I dunno how expensive GORP is to make, but it's great snacking, and filling too. 

When ds was growing he would eat a pot of elbow macaroni cooked with a quart of canned tomatoes and bread and butter. Not nutritionally balanced, but again, filling.

Cheapest eggs at 3 bucks a dozen? You need some Free Rangers! 

Sounds like he is getting enough milk, could some homemade juice be substitued for some of the milk?


----------



## MO_cows (Aug 14, 2010)

Fiber helps you feel full. It might help to increase the whole grain content where you can. Apples are a filling snack due to the fiber content. Popcorn would be a good snack, too. For milk, Amy Dacyzn of Tightwad Gazette fame used to give her kids "half and half", half fresh milk mixed with half powdered milk. I well remember the "hollow leg" phase of teenage boys, I would hate to be feeding one at today's prices.


----------



## Tirzah (May 19, 2006)

What about him eating salad before dinner? That usually helps fill me up before I get to the main dish.

Have him drink a glass of water before each meal?
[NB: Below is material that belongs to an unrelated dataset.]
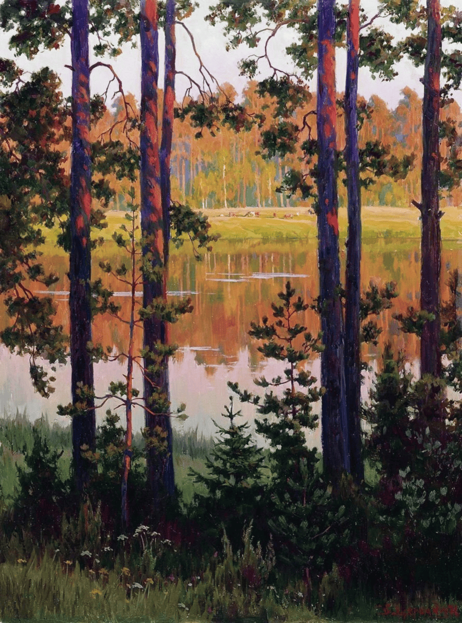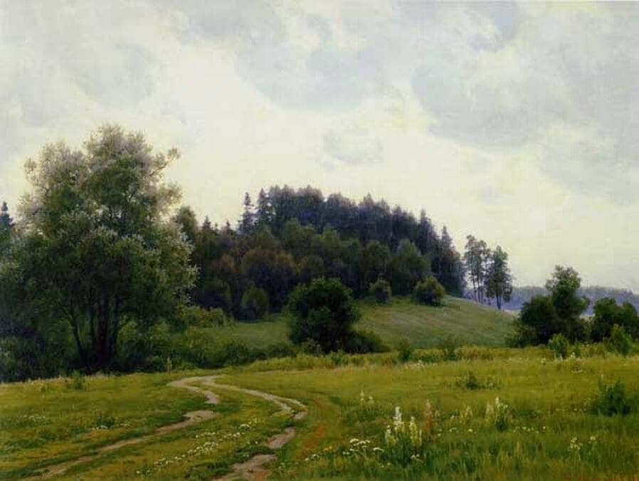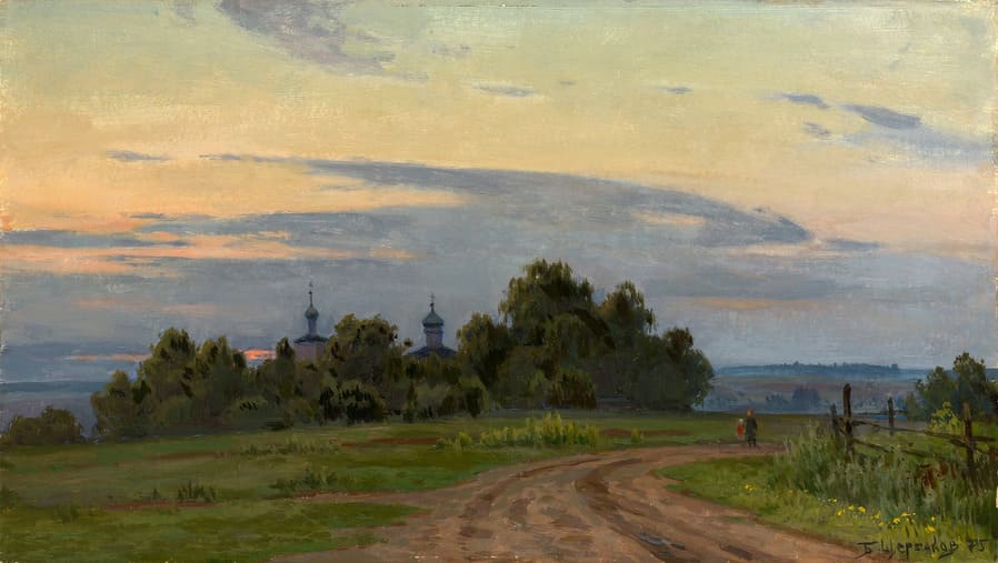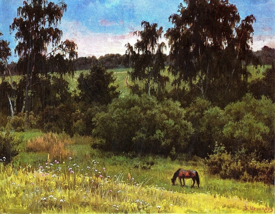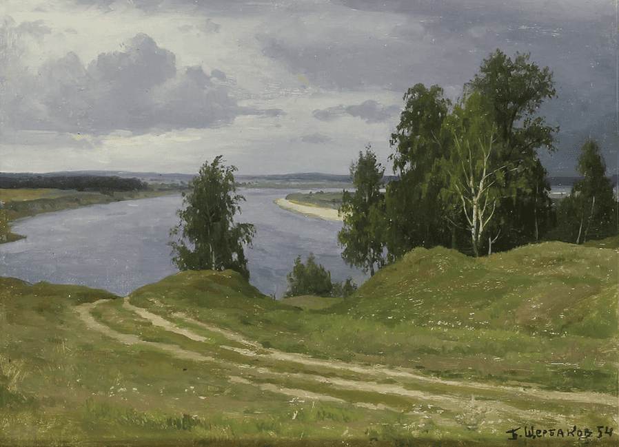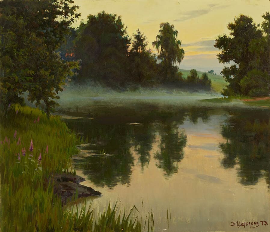 АукционноОсеннеЗимнеПейзажноНатюрмортное и биография - здесь Борис Валентинович Щербаков/Boris Valentinovich Shcherbakov (Russian, 1916–1996) АукционноВесеннеЛетнеПейзажное (часть-2) Ты у моей стояла колыбели, Твои я песни слышал в полусне, Ты ласточек дарила мне в апреле, Свозь дождик солнцем улыбалась мне. Когда порою изменяли силы И обжигала сердце горечь слез, Со мною, как сестра, ты говорила Неторопливым шелестом берез. Не ты ль под бурями беды наносной Меня учила (помнишь те года?) Врастать в родную землю, словно сосны, Стоять и не сгибаться никогда? В тебе величье моего народа, Его души бескрайные поля, Задумчивая русская природа, Достойная красавица моя! Гляжусь в твое лицо — и все былое, Все будущее вижу наяву, Тебя в нежданной буре и в покое, Как сердце материнское, зову. И знаю — в этой колосистой шири, В лесных просторах и разливах рек — Источник сил и все, что в этом мире Еще свершит мой вдохновенный век! (Русская природа, Всеволод Рождественский) Дом Льва Толстого в Ясной Поляне. Музей: Государственный музей Л.Н. Толстого, Москва "Красные Сумерки, 1977" Работы Бориса Валентиновича Щербакова неоднократно выставлялись на торги по цене от 1188 долларов США до 38 425 долларов США. С 2013 года рекордная цена для этого художника на аукционе составляет 38 425 долларов США за картину выше "Red Twilight"/"Красные Сумерки, 1977", проданную в MacDougall's в 2017 году... и 40 062 доллара США за картину ниже «В полях, Ясная Поляна», проданную на аукционе Sotheby's в Лондоне в 2021 году. «В полях, Ясная Поляна»

I agree with pastas, grains, beans and bread.


----------



## ELOCN (Jun 13, 2004)

I remember my male cousin eating a lot. He was skinny as a rail. Before meals were served, he would usually have 2 or 3 slices of bread soaked in Karo syrup.


----------



## vicker (Jul 11, 2003)

I feel for you! My years like that must have been horrible for my parents. I would come home from school and eat two packs of crackers, a jar of peanut butter and a half gal. of milk before supper. I could not eat enough and was skinny as a rail. If I went 3 hours without eating, I would become physically ill. Lord! I could eat a large supreme pizza by myself and be raiding the fridge in two hours. lol!
Try adding high fat with the bread. (beans cooked with lots of fat, cheese, bacon grease gravy...) lol! feed the boy and Lord have mercy on y'all.


----------



## jennytw (Aug 7, 2009)

My bottomless pit just left for college and I have three more in training. The college boy will eat five sandwiches PB and J an hour after supper. Our milk has decreased by a gallon a week (at least) and that is after restrictions. Can you teach him to fry his own potatoes? I often have salads, noodle type, on hand to eat also. I also keep hard boiled eggs and granola on hand as much as possible. I buy eggs when they are really cheap and get free ones from friends. We keep tang on hand all the time and the kids are encouraged to drink water instead of milk. My kids eat a lot of cheese and yogurt (on sale of course) so they get a lot of calcium and they are not skinny nor are they overweight. 
My budget is 550 a month for 5-6 of us and that includes toiletries and dog food. You can reduce your spending by hitting the bread outlets and using coupons/hitting sales.


----------



## Judith (Jan 10, 2003)

Thank you so much for all the tips. My son also gets ill if he doesnt eat. I will try them all. I guess he is just making up for his not eating as a young child 

i thought I should mention eggs here in Canada are as much as 6.00 per dozen for free range type  Food is almost double on alot of things here. For example bread is 3-4 bucks a loaf. So I make my own. Cheese is REALLY Pricey the 24 pack of slice cheese is 5-6 bucks dependng on if you can get it on sale and a box of cereal is close to 9.00 ( i only buy it on sale at half of that) Kraft dinner is a sale at 1.25 a pack. i only shop at the warehouse stores so I get the best deals but yikes...


----------



## Dutchie (Mar 14, 2003)

When my son was a teenager he did the same thing. I switched to (and never switched back) whole grain bread and pasta, brown rice and any kind of beans. It made a big difference because it stayed with him longer.


----------



## jkhs (Sep 17, 2010)

Lots of good ideas here, but I didn't see soup mentioned. Make a big batch of soup and let him eat it for snacks, before/or with meals, etc. All that extra liquid and fiber should help fill him up.


----------



## Judith (Jan 10, 2003)

Soup and heavy stews is a brilliant idea. never even thought of that one.....


----------



## romysbaskets (Aug 29, 2009)

Judith said:


> Soup and heavy stews is a brilliant idea. never even thought of that one.....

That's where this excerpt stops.